The Buddha at the Blue Temple

Visit Chiang Mai’s temples

Every corner in Chiang Mai seems to be home to a temple, or wat,  with a history hundreds of years old, exquisite architecture and murals that tell ancient stories. Chiang Mai is no exception. Within the city, make time to visit Chedi Luang, arguably the most interesting since it dates back to the 14th century and part of the site is a ruin. Wat Phra Singh displays iconic Lanna architecture, while Wat Phra That Doi Kam is home to a huge Buddha that gazes down the steps as you approach it.

If you only have time for one temple, prioritise taking a songathew (a kind of pick up style bus with two benches in the back) up the mountain to visit Wat Phra Doi Suthep. You have short sharp hike up to reach the golden chedi but views, let alone the complex at the top, will reward you.

Wat Phra Doi Suthep

Go to an ethical elephant sanctuary

Sadly the majority of tourists still don’t seem to have got the picture when it comes to the abhorrent cruelty of elephant riding. However, as awareness has been raised in the last few years Chiang Mai has become home to a variety of sanctuaries for elephants rescued from the entertainment and logging industries. Do your research as some ‘sanctuaries’ still keep elephants locked in boxes at the end of the day – TripAdvisor is your friend for honest reviews.

I would recommend Ethical Elephant Sanctuary.
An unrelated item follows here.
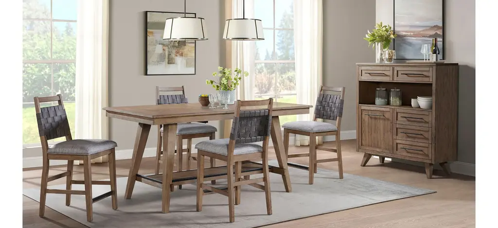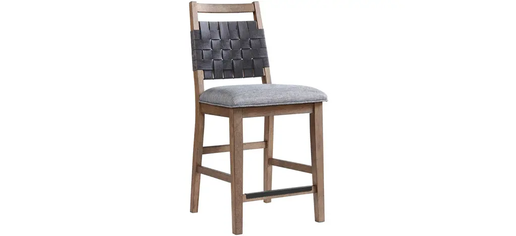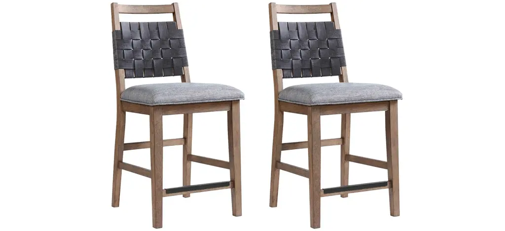 The Oslo Bar Chair (set of 2) is constructed with wire brushed oak veneer and offered in a weathered finish. This chair features an upholstered seat for added comfort and a unique woven seat back.

It’s run by members of the Karen Hill Tribe, who have always lived with elephants. You can read more here about my wonderful day meeting, feeding, going for a walk with, and washing down the elephants. Although I prefer to see them in the wild, it is magical to be able to be up close and intimate with these gentle giants and to know that they are being well cared for.

Take a day trip to Chiang Rai

If you have more time I’d recommend staying overnight in Chiang Rai because a day trip is a bit of a rush. However, apparently the city isn’t much at night and since I was short on time I arranged a one day tour of the main sites through an agency. In a packed trip we managed to see the White Temple, that is downright bizarre, the beautiful Blue Temple,  and the ‘Black House’ full of historical artefacts. You can also opt to visit the longneck hill tribe. 

The White Temple at Chiang Rai

Eat your vegan heart out

Chiang Mai is home to some of the best vegan food in Thailand. Taste from Heaven makes the hottest and most fragrant green thai curry served in a coconut. The vibe in Aum kept tempting me to return again and again, enjoying a mix of local dishes and fresh sushi while enjoying the views from their open veranda upstairs. If you’ve had too much to drink, Munchies offers western style vegan junk food. Free Bird is a non-profit that uses the proceeds from its restaurant and zero waste shop to fund projects that support refugees from Myanmar. There is another branch of the fantastic May Kaidee restaurant chain. The markets are also a great source of cheap vegan snacks, particularly V-Secrets where you can get four small dishes for a steal to share with a friend.

Papaya salad and avocado maki at Aum

Check out the nightlife of Chiang Mai

The North Gate Jazz co-op is the go-to spot for locals and tourists alike. It has a super chill vibe with regular musicians performing improv, cheap beers, and so many people come that they spill out onto the street, some perched on stools, others swaying and dancing along.

Another popular night time destination are the ‘cabaret’ shows. I was a bit wary of the ‘ladyboy’ aspect, partly because I’d never use that word to describe trans people or those who enjoy wearing drag, although it seems the norm here, and partly because of my concern about trafficking. That said the performers in the street convinced me to pop in and see a remarkable rendition of Rhianna’s ‘umbrella’ that was fabulous, fun, and the performer seemed to genuinely be loving life. (I swear to god if I hadn’t known I genuinely might have thought she was the real Rhianna). So I leave you to make your own call on that.

Revellers enjoy music at the North Gate Jazz Coop

I stayed for a week and only managed a fraction of what this city has to offer. So whatever you do, make sure you make time for it in your trip to Thailand.